Task to carry out — Without any of the pictures, print every record below exactly.
- - - - -
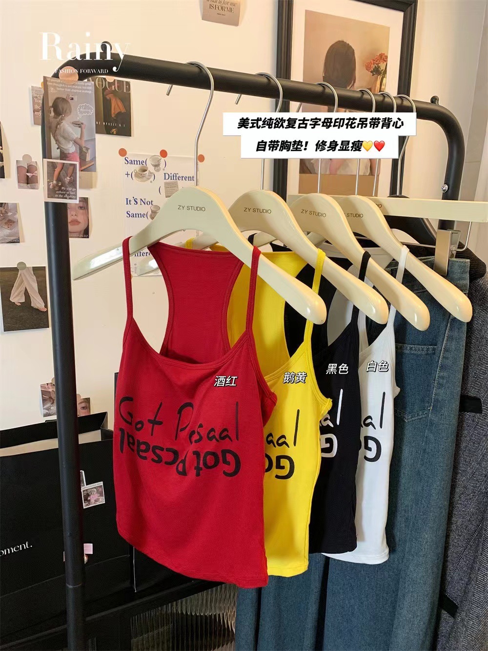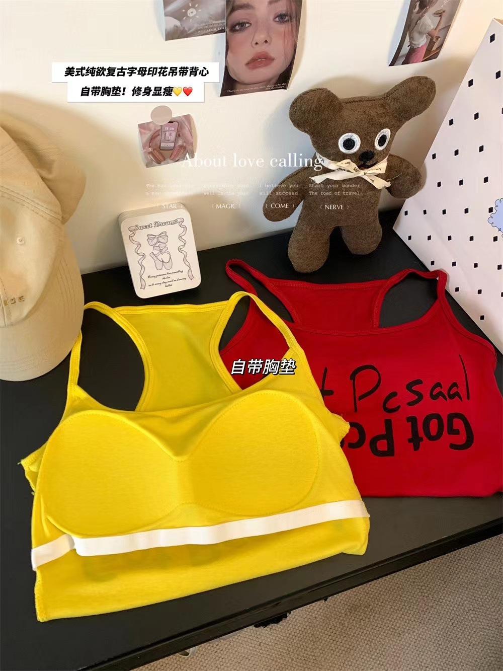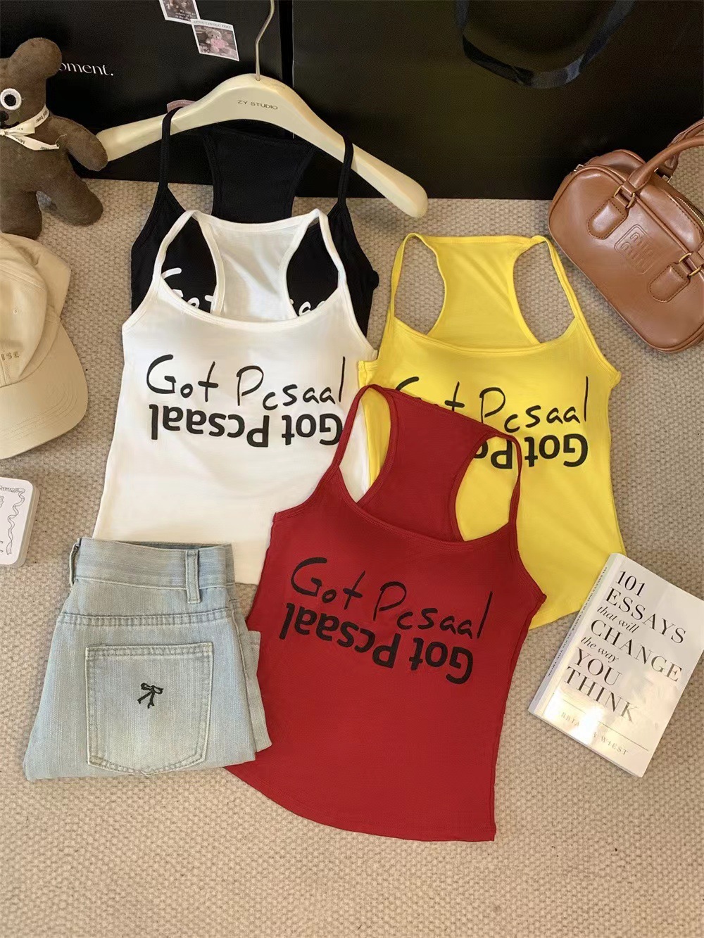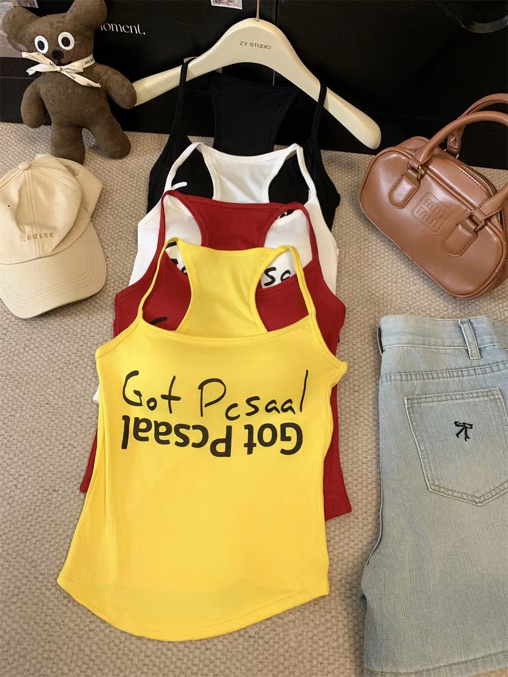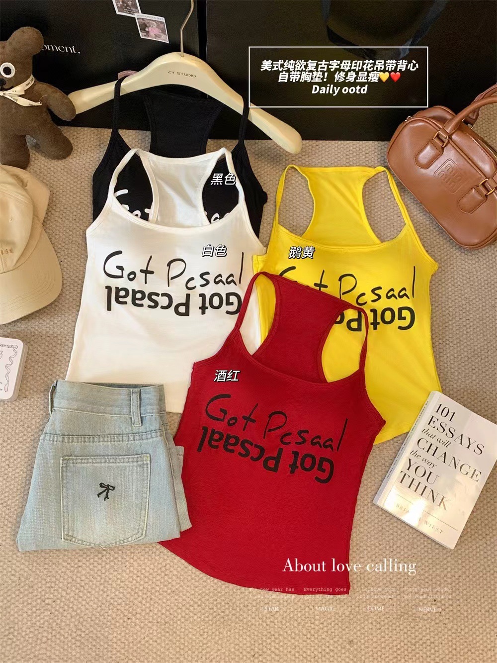 도파민 아메리칸 스타일 핫 소녀 가슴 패드 편지 인쇄 카미 솔 여성의 여름 슬림 핏 내면베이스 탑 아우터웨어
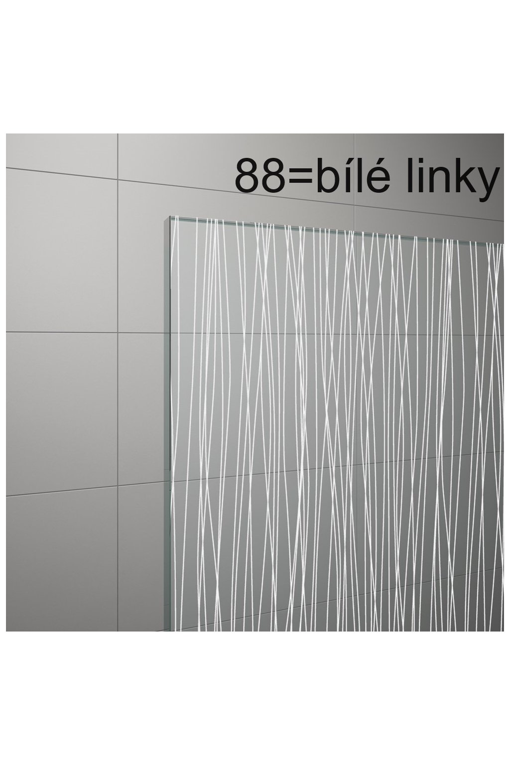 6mm bezpečnostní sklo. Magnetické těsnění. Výška 2000 mm. Barva 50=aluchrom. Sklo 07=čiré, 22=Durlux, 87=Screen nebo 88=bílé linky. Antiplaková úprava skla.
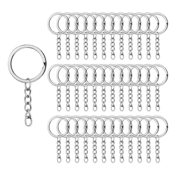 100 Argollas Para Llavero 30mm Con Cadena + Argolla Unión
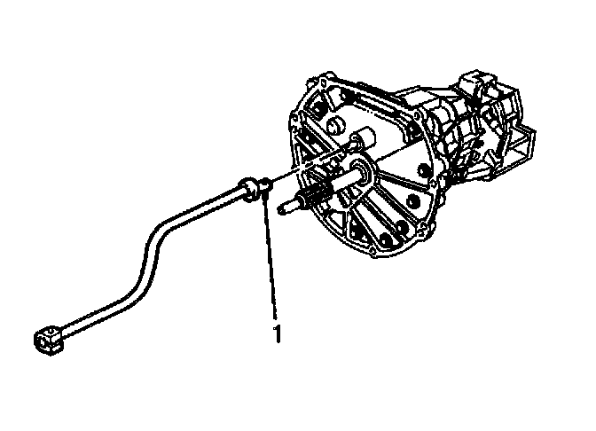 4. Using a drift or punch, remove the roll pin (1) retaining the transmission shift rod to the transmission shift shaft.
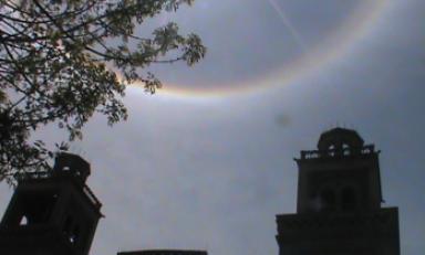 Huaraz en Línea.- Un domingo diferente. Los pobladores de la ciudad de Huaraz se vieron sorprendidos con la aparición de dos halos concéntricos rodeando al astro rey.
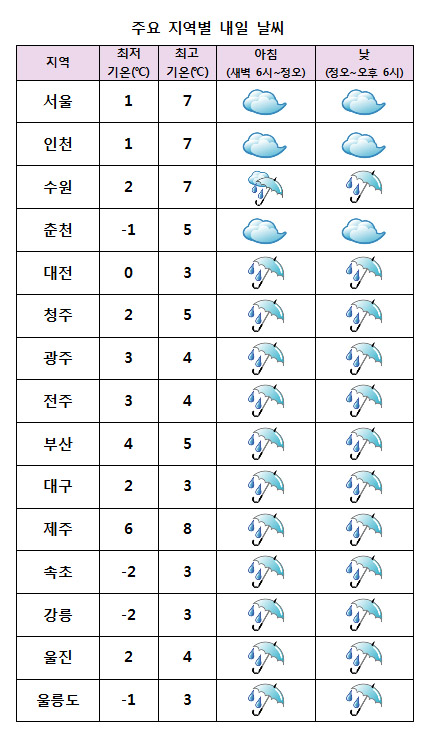 Àý±â»ó ÃáºÐÀÎ ³»ÀÏ ¼ö¿äÀÏ(21ÀÏ) ¿ì¸®³ª¶ó´Â Àü±¹ÀÌ È帰 °¡¿îµ¥ °÷°÷¿¡ ºñ ¶Ç´Â ´«ÀÌ ¿Ã Àü¸ÁÀÌ´Ù.
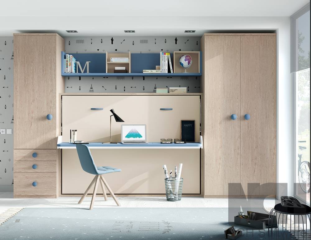 Cama abatible horizontal sencilla y ligera, opcional armarios y estanterías laterales.
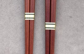 木製ひのきで作ってる「しゃもじ・びわしゃもじ・鳥居・もみじ・桜」は200円で販売しております、更にその箸置きに線彫りや色漆塗りもしております。
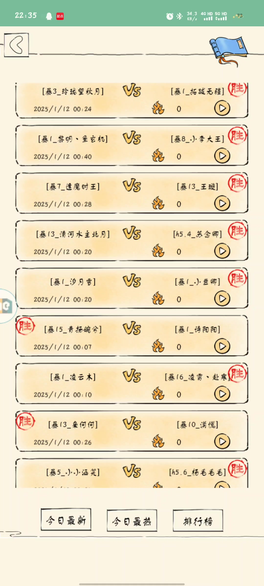 对战千蛛百毒① 败 对战千蛛百毒② 败 对战血魔十象第一次 胜 对战血魔十象第二次 败 对战九太 胜 对战黯然九四 败 对战三刀蛤蟆 败 对战3.3血流白 败 对战3w血三境如洗 败 对战素太 胜
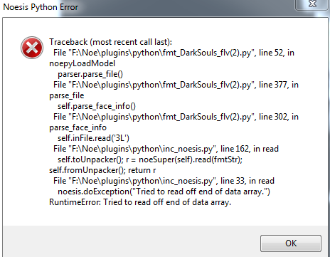 Hey guys! I'm really new to the scene, but I got Binder Tool to work! But I'm getting errors opening a lot of the FLVER files in Noesis, any ideas? I have the FLVER plugin and half the files DO work but most don't.
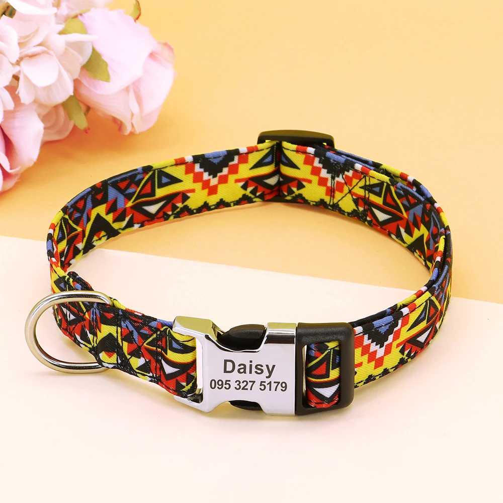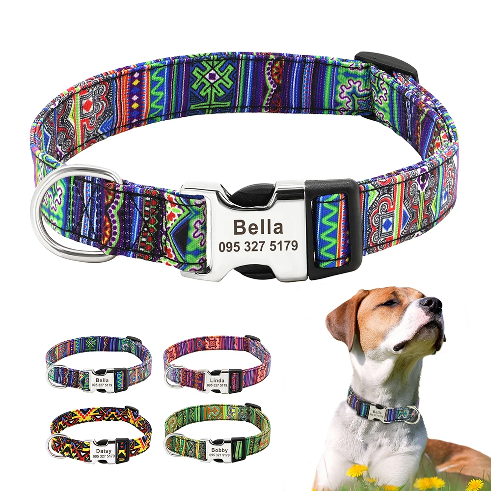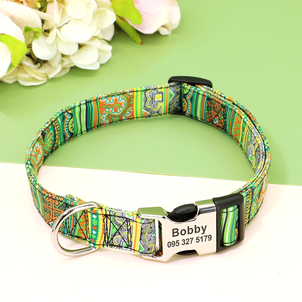 Индивидуальный ошейник для собак с индийским принтом, персонализированный ошейник для домашних питомцев, нейлоновые ошейники для щенков, ошейники для собак с бесплатной гравировкой имени для маленьких, средних и больших собак
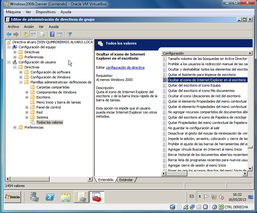 Entramos en las directivas,  en configuración de usuario-> directivas->Plantillas administrativas->Todos los valores.
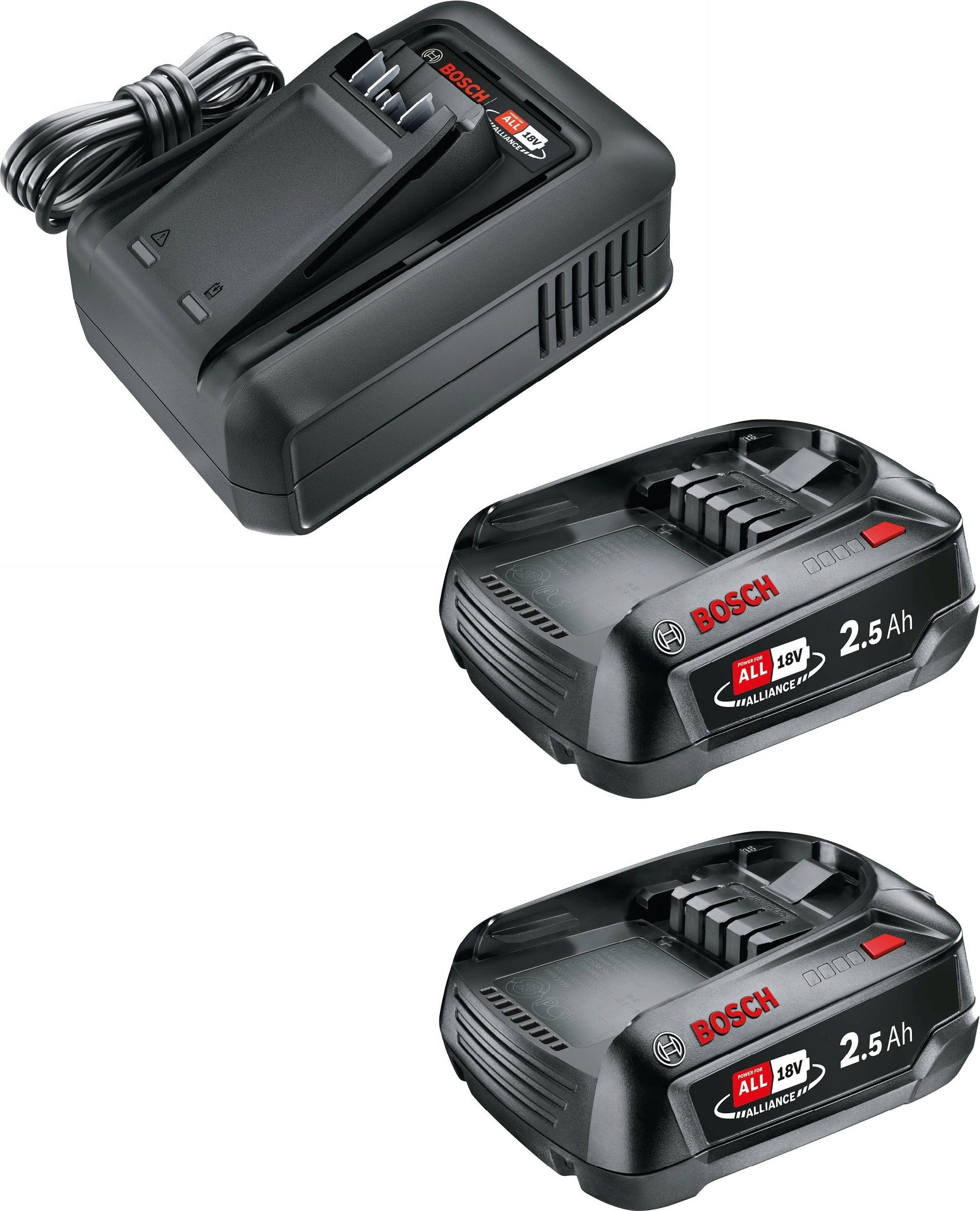 This Starter Kit provides you with two compact 2.5 Ah batteries and a high-performance quick charger that boasts 47% more power than its predecessor. While you trim the lawn or cut the hedge with one battery, the second one is already recharging - allowing you to continue working without interruption.
- - - - -
Problem solution —
 도파민 아메리칸 스타일 핫 소녀 가슴 패드 편지 인쇄 카미 솔 여성의 여름 슬림 핏 내면베이스 탑 아우터웨어
 6mm bezpečnostní sklo. Magnetické těsnění. Výška 2000 mm. Barva 50=aluchrom. Sklo 07=čiré, 22=Durlux, 87=Screen nebo 88=bílé linky. Antiplaková úprava skla.
 100 Argollas Para Llavero 30mm Con Cadena + Argolla Unión
 4. Using a drift or punch, remove the roll pin (1) retaining the transmission shift rod to the transmission shift shaft.
 Huaraz en Línea.- Un domingo diferente. Los pobladores de la ciudad de Huaraz se vieron sorprendidos con la aparición de dos halos concéntricos rodeando al astro rey.
 Àý±â»ó ÃáºÐÀÎ ³»ÀÏ ¼ö¿äÀÏ(21ÀÏ) ¿ì¸®³ª¶ó´Â Àü±¹ÀÌ È帰 °¡¿îµ¥ °÷°÷¿¡ ºñ ¶Ç´Â ´«ÀÌ ¿Ã Àü¸ÁÀÌ´Ù.
 Cama abatible horizontal sencilla y ligera, opcional armarios y estanterías laterales.
 木製ひのきで作ってる「しゃもじ・びわしゃもじ・鳥居・もみじ・桜」は200円で販売しております、更にその箸置きに線彫りや色漆塗りもしております。
 对战千蛛百毒① 败 对战千蛛百毒② 败 对战血魔十象第一次 胜 对战血魔十象第二次 败 对战九太 胜 对战黯然九四 败 对战三刀蛤蟆 败 对战3.3血流白 败 对战3w血三境如洗 败 对战素太 胜
 Hey guys! I'm really new to the scene, but I got Binder Tool to work! But I'm getting errors opening a lot of the FLVER files in Noesis, any ideas? I have the FLVER plugin and half the files DO work but most don't.
 Индивидуальный ошейник для собак с индийским принтом, персонализированный ошейник для домашних питомцев, нейлоновые ошейники для щенков, ошейники для собак с бесплатной гравировкой имени для маленьких, средних и больших собак
 Entramos en las directivas,  en configuración de usuario-> directivas->Plantillas administrativas->Todos los valores.
 This Starter Kit provides you with two compact 2.5 Ah batteries and a high-performance quick charger that boasts 47% more power than its predecessor. While you trim the lawn or cut the hedge with one battery, the second one is already recharging - allowing you to continue working without interruption.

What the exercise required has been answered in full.